Moreover, failure to act over climate change also complements the risk of future pandemics.

Rising land temperatures (forming urban heat islands) increases the probabilities of infectious disease spread such as dengue.

The risk of pandemics and epidemics is, thus, not only restricted to existing diseases but also more dangerous pathogens of the past which lay in melting permafrost.

There is an eagerness to get the developmental engine back and running. The lack of fiscal capacity to fund or sustain investments in green energy, however, means short-term gains in limiting global carbon dioxide emissions achieved during the recent lockdowns will be quickly lost on return to normalcy.

The same thing happened right after the 2008 financial crisis:

Climate change may indirectly affect the COVID-19 response, as it undermines environmental determinants of health, and places additional stress on health systems.

More generally, most emerging infectious diseases, and almost all recent pandemics, originate in wildlife, and there is evidence that increasing human pressure on the natural environment may drive disease emergence.

Strengthening health systems, improved surveillance of infectious disease in wildlife, livestock and humans, and greater protection of biodiversity and the natural environment, should reduce the risks of future outbreaks of other new diseases.

At the current pace of new renewable energy capacity addition, India will need to add nearly 30 gigawatts renewable energy in the next three years to achieve its 2022 Renewable Energy commitments.

Even though global informal alliances called for the green stimulus to be a part of economic recovery programs in the post-COVID-19 era, not much would be done in India and other developing countries when millions face unemployment and food scarcity.

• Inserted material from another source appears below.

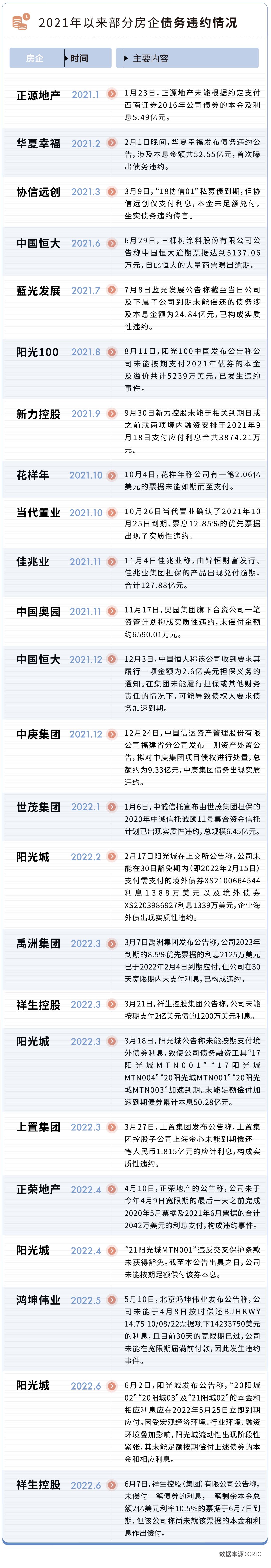 2022年2月17日,陽光城公告兩筆海外債出現實質性違約成為第一塊多米諾骨牌,后續不斷出現多只債券違約,至5月陽光城境外公開市場債券未按期支付本息累計1.09億美元,境內公開市場債券未按期支付本息累計81.67億元。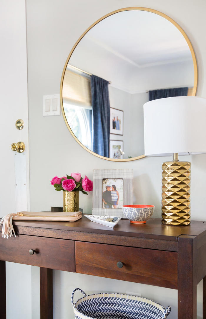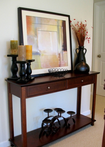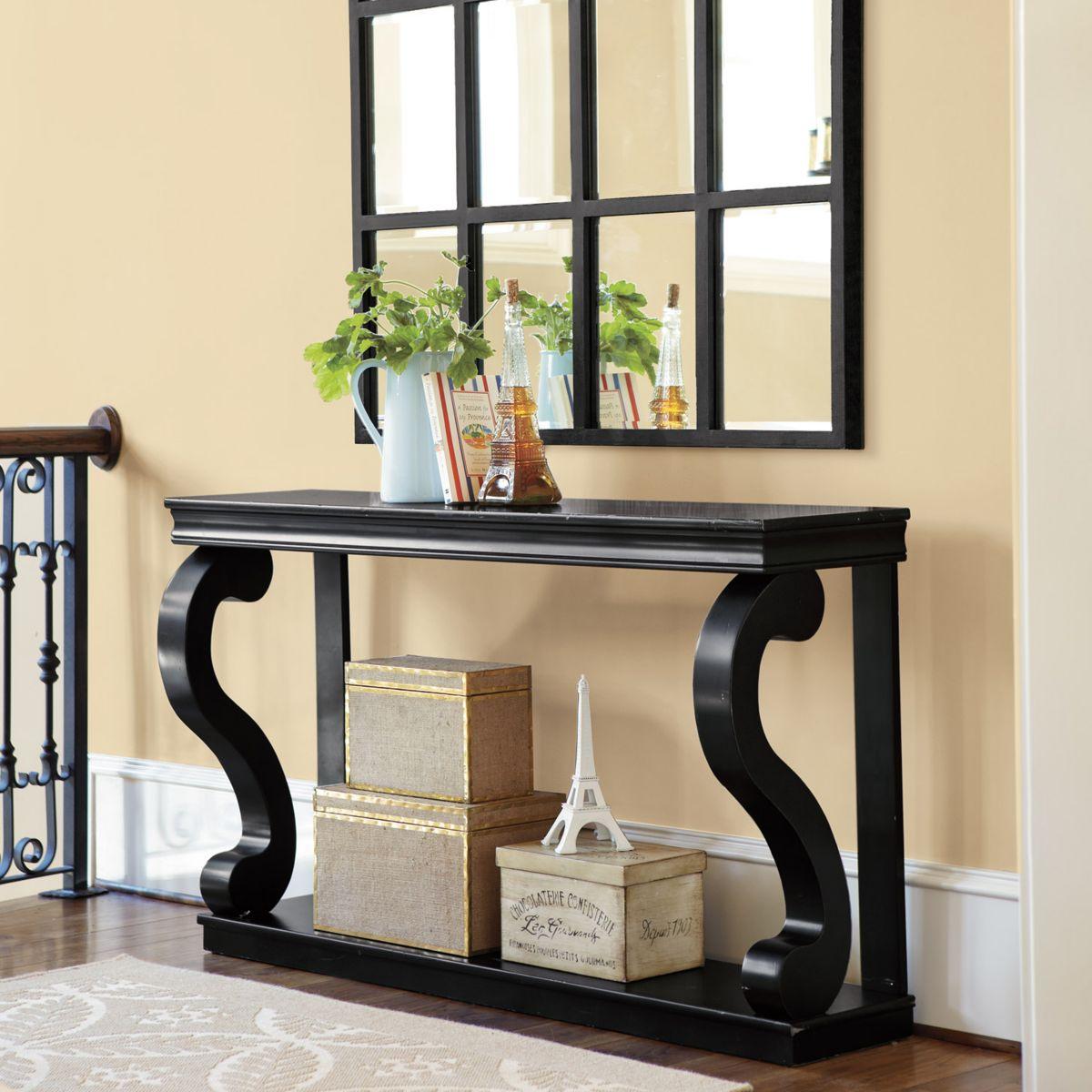 Denke darüber nach, welche Gegenstände du auf den Tisch legst. Seine Größe sollte ausreichen, um Dinge auf der Tischplatte zu halten, ohne Gefahr zu laufen, aus einem engen Raum zu fallen. Vielleicht ist es ein Stand für ein Telefon zu Hause oder eine schöne Vase, oder vielleicht planen Sie, eine Tasche auf den Konsolentisch zu legen. Im zweiten Fall sollte es sich in der Nähe der Eingangstür befinden. Je nach Layout können Sie die eckige oder lineare Option wählen, aber auf jeden Fall sollte es breit und geräumig sein.

Have measures to contain COVID-19 reduced air pollution and emissions of greenhouse gases?

  1. Air pollution is a serious health risk. It kills approximately 7 million people every year and is responsible for one third of all deaths from stroke, lung cancer and heart disease.
  2. Over 90% of the global population lives in places where the WHO outdoor air quality guideline levels are not met, and about two-thirds of this exposure is caused by burning of fossil fuels, which also drives climate change.
  3. Efforts to control COVID-19 transmission have reduced economic activity and led to temporary improvements in air quality in some areas.
  4. In contrast, as carbon dioxide and other greenhouse gases that drive climate change persist for a long time in the atmosphere, temporary emissions reductions only have a limited effect on atmospheric concentrations.
  5. Carbon dioxide levels at observing stations around the world in the first months of 2020 have been higher than in 2019.
  6. Environmental improvements resulting from the COVID-19 response may be reversed by a rapid expansion of polluting economic activities once the measures have ended, unless there is a clear focus to promote equity, environmental health, around a just transition to a green economy.
  7. Any short-term environmental benefits as a result of COVID-19 come at an unacceptable human and economic cost, and are no substitute for planned and sustained action on air quality and climate.


Recent debates on the Environmental Impact Assessment Draft 2020 have shown that the government can thoroughly disregard environmental consequences of unsustainable growth in an effort to stimulate the economy.

Remedies for climate change must be introduced in our efforts to combat the current pandemic and government stimulus should be channelled to zero-carbon infrastructure projects.

This will not only help us avert the next big disaster for which risk conditions are being actively met by changing climatic risk conditions, but also help create more jobs in the green industry to provide long-term resilience in our built environment.